# Thoughts on Merrick Dog Food?



## Enzos_Mom (Apr 8, 2010)

I don't know the answer to your question, but I just wanted to tell you that your Nellie is a doll. =)


----------



## BeauShel (May 20, 2007)

Nellie is a cutie patootie. I used Merrick food for awhile for my Beau and he loved it. In fact all my pups loved it because it made a gravy when you wet it. I dont know about switching to raw but I know that Ranger and MissMarstar feed their dogs raw.


----------



## missmarstar (Jul 22, 2007)

I would probably keep her on the same food her breeder fed for the first month or two she is home with you to keep the transition as easy on her as possible. She already has a ton of new things to get used to in a new home as it is, don't add a major diet change in the mix just yet.

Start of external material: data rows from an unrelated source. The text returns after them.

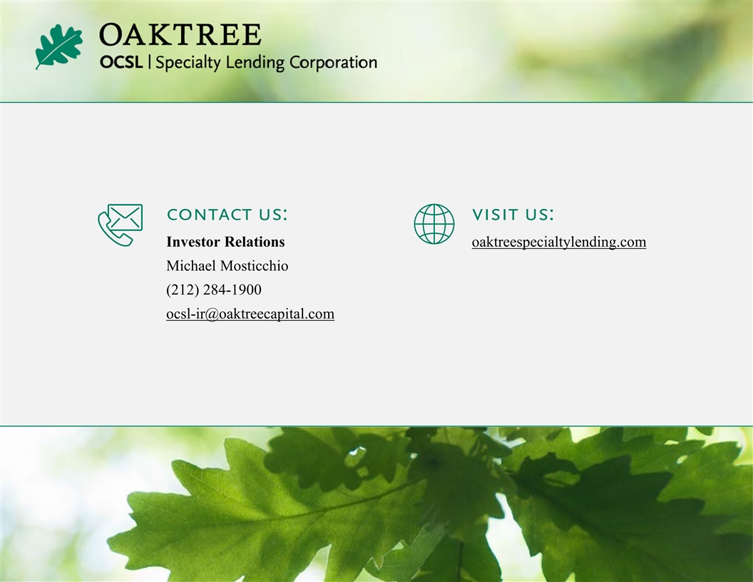 contact us: visit us: Investor Relations oaktreespecialtylending.com Michael Mosticchio (212) 284-1900 ocsl-ir@oaktreecapital.com
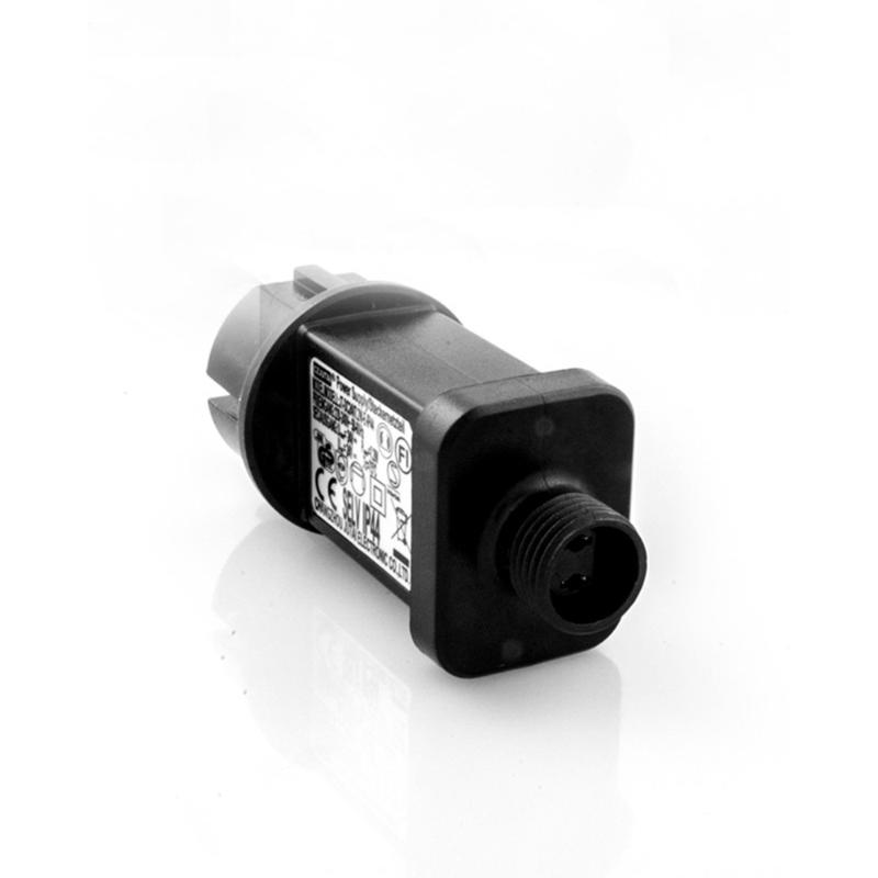 Transformeren er designet til udendørs lyskæder og muliggør ombygning af et forlængersæt til et startsæt eller udskiftning af en manglende enhed i et eksisterende opsæt. Den leverer 24 W ved 36 V fra en 230 V netforsyning og er indkapslet i en sort metal‑plastkonstruktion med målene 110 mm × 45 mm × 45 mm. Beskyttelsesklassen IP44 sikrer mod indtrængen af vand og faste partikler, mens den indbyggede timer giver valgmuligheder på 4, 6 eller 8 timer.
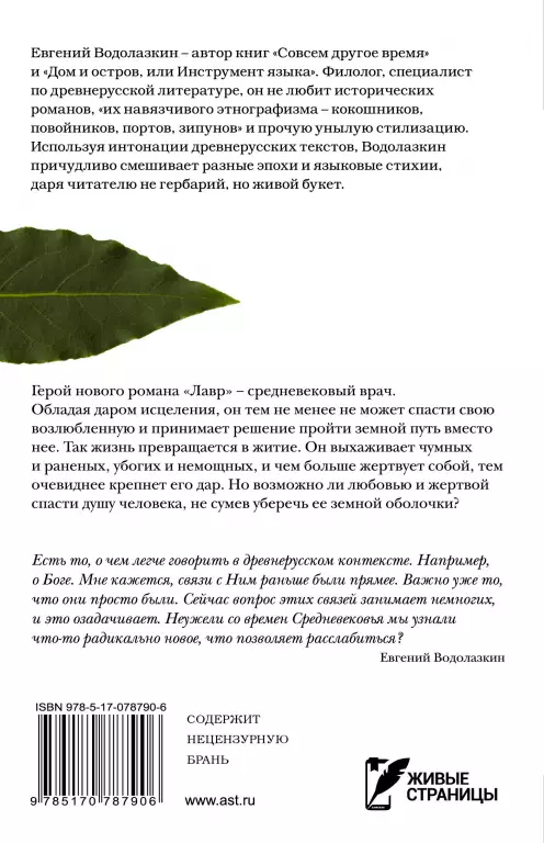 «Герой романа «Лавр» — средневековый врач. Обладая даром исцеления, он тем не менее не может спасти свою возлюбленную и принимает решение пройти земной путь вместо нее. Так жизнь превращается в житие. Он выхаживает чумных и раненых, убогих и немощных, и чем больше жертвует собой, тем очевиднее крепнет его дар. Но возможно ли любовью и жертвой спасти душу человека, не сумев уберечь ее земной оболочки? Есть то, о чем легче говорить в древнерусском контексте. Например, о Боге. Мне кажется, связи с Ним раньше были прямее. Важно уже то, что они просто были. Сейчас вопрос этих связей занимает немногих, что озадачивает. Неужели со времен Средневековья мы узнали что-то радикально новое, что позволяет расслабиться? »
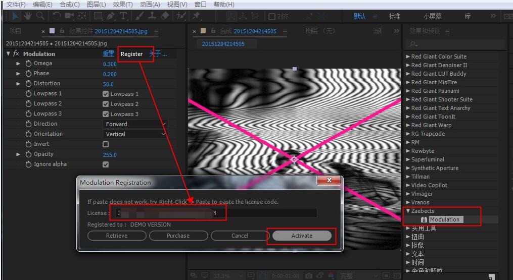 2. 打开AE,在顶部菜单,效果>Zaebects>Modulation,使用插件,效果控件面板点击Register, 输入序列号完成激活:ZBMD*GFX*Camp*298394516728034SUL9
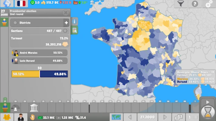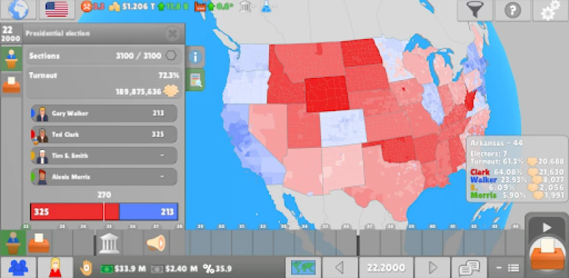 Predstavte si svet, kde každé rozhodnutie formuje osud národa. Ponorte sa do hlbokej politickej simulácie, ktorá vám otvára dvere do komplexného sveta vládnutia. Objavte a experimentujte s rozličnými politickými systémami, od jednoduchých väčšinových modelov až po prepracované proporčné zastúpenie podľa d'Hondtovej metódy, a pochopte nuansy, ktoré ovplyvňujú výsledky volieb a stabilitu štátu. Táto hra vám dáva príležitosť nielen sledovať, ale aktívne kreovať budúcnosť.

I do think Merrick is a good food and if you want to keep her on it and she is doing well on it, I think that's totally fine.. however, if you have raw fed or home cooked in the past and think you would like to do it for Nellie, I think that's great too!


----------



## fostermom (Sep 6, 2007)

I feed Merricks to my foster puppies because I like the ingredients and they love the food. I would give it a month or so before switching her to homecooked/raw. I do agree, I think raw is the healthiest for a dog, I am just not quite to the point where I can change right now.


----------



## nellie'smom (Dec 27, 2007)

Hey I'm Nellie's mom!  I have used merrick in the past and actually put Nellie back on it this past week. She loves it and she doesn't have the bad breat she does on other dry foods. I only feed the dry and the turducken is her favorite. If it works for your Nellie I would keep her on it. Congrats and you couldn't have picked a better name! 
Also wanted to say she is absolutely adorable!!


----------



## Beanie'sMom (Jul 7, 2007)

Thanks to all of you! And thanks for the compliments! She is a little doll, but she's got a bit of the devil in her! 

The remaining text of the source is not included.